_What is required_
Beginning with the line that contains "I'm the process", retype the entries below exactly, ending with the line that contains "About Post : Indian". Leave out any pictures.

Start of Data

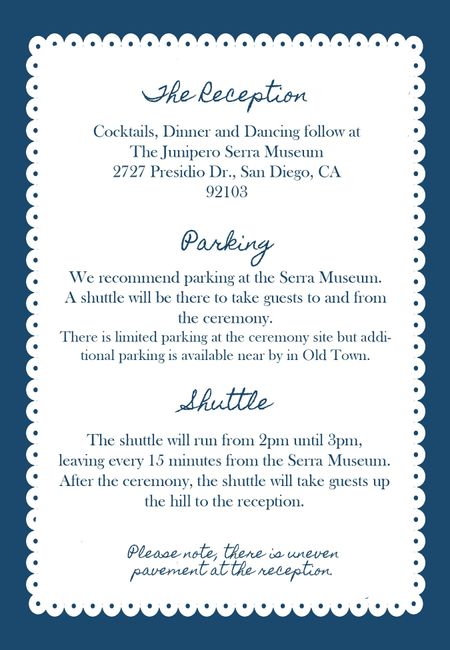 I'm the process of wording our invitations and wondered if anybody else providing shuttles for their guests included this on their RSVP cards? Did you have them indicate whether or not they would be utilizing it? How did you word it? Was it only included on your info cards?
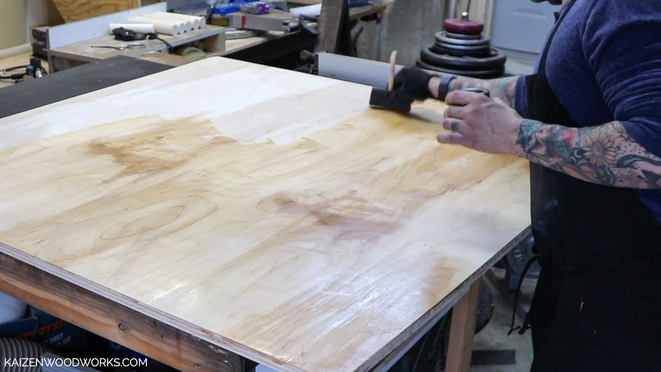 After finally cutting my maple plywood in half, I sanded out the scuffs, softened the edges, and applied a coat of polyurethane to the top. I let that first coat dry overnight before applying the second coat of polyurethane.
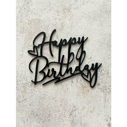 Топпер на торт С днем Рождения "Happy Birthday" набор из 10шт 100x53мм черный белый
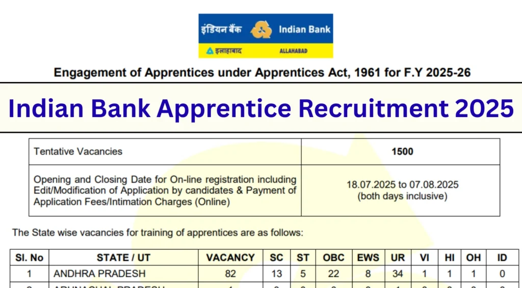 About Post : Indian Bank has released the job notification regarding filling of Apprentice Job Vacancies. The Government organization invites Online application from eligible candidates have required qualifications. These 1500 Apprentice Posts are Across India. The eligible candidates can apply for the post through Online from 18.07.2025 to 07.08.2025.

End of Data
Start of Data

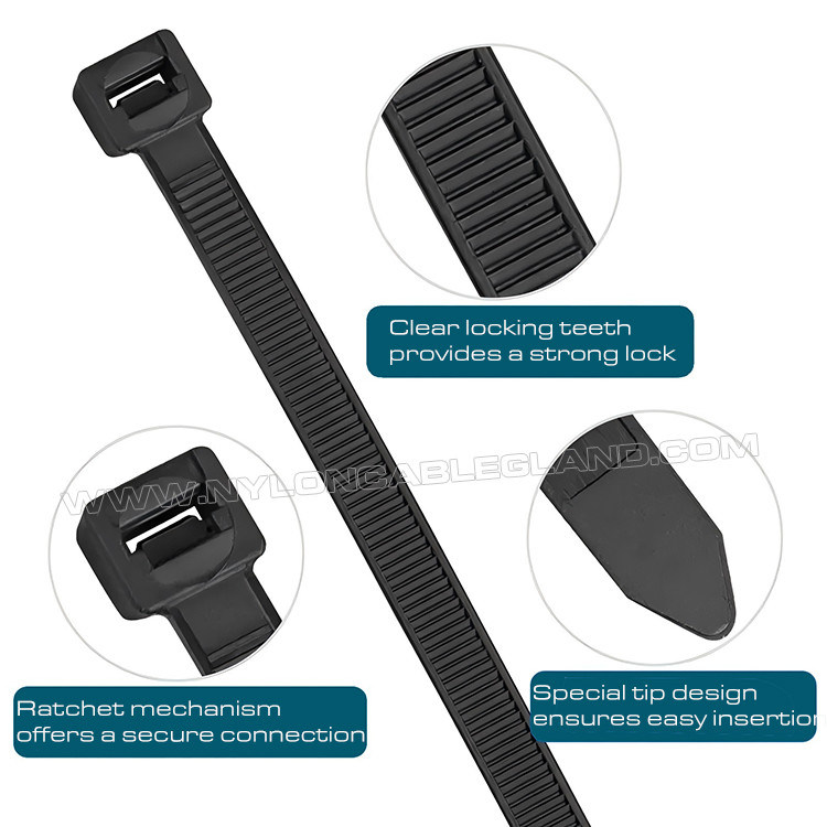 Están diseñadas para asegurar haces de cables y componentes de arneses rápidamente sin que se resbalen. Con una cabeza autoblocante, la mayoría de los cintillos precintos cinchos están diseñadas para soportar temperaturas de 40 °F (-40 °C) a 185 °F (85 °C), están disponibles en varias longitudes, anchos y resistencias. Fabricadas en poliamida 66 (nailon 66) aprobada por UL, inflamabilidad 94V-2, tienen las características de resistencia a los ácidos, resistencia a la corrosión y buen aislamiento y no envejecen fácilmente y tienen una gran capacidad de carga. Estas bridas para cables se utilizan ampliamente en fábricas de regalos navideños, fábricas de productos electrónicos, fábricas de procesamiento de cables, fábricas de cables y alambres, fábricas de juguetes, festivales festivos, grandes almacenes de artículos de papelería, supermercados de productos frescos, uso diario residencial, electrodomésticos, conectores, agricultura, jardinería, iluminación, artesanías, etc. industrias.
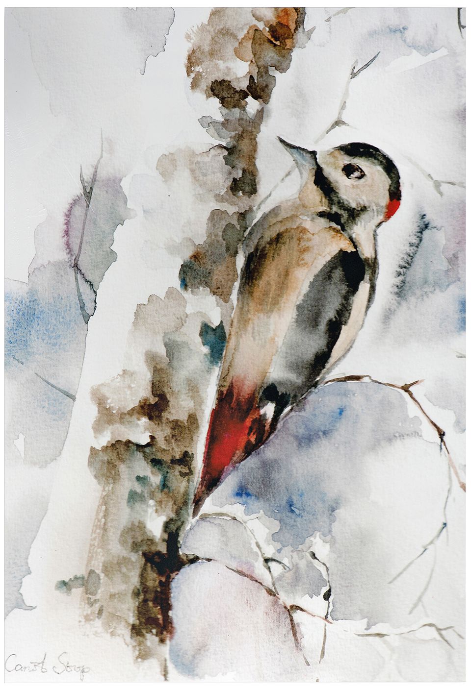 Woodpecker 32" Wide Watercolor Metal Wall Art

End of Data

_Expected answer_
 I'm the process of wording our invitations and wondered if anybody else providing shuttles for their guests included this on their RSVP cards? Did you have them indicate whether or not they would be utilizing it? How did you word it? Was it only included on your info cards?
 After finally cutting my maple plywood in half, I sanded out the scuffs, softened the edges, and applied a coat of polyurethane to the top. I let that first coat dry overnight before applying the second coat of polyurethane.
 Топпер на торт С днем Рождения "Happy Birthday" набор из 10шт 100x53мм черный белый
 About Post : Indian Bank has released the job notification regarding filling of Apprentice Job Vacancies. The Government organization invites Online application from eligible candidates have required qualifications. These 1500 Apprentice Posts are Across India. The eligible candidates can apply for the post through Online from 18.07.2025 to 07.08.2025.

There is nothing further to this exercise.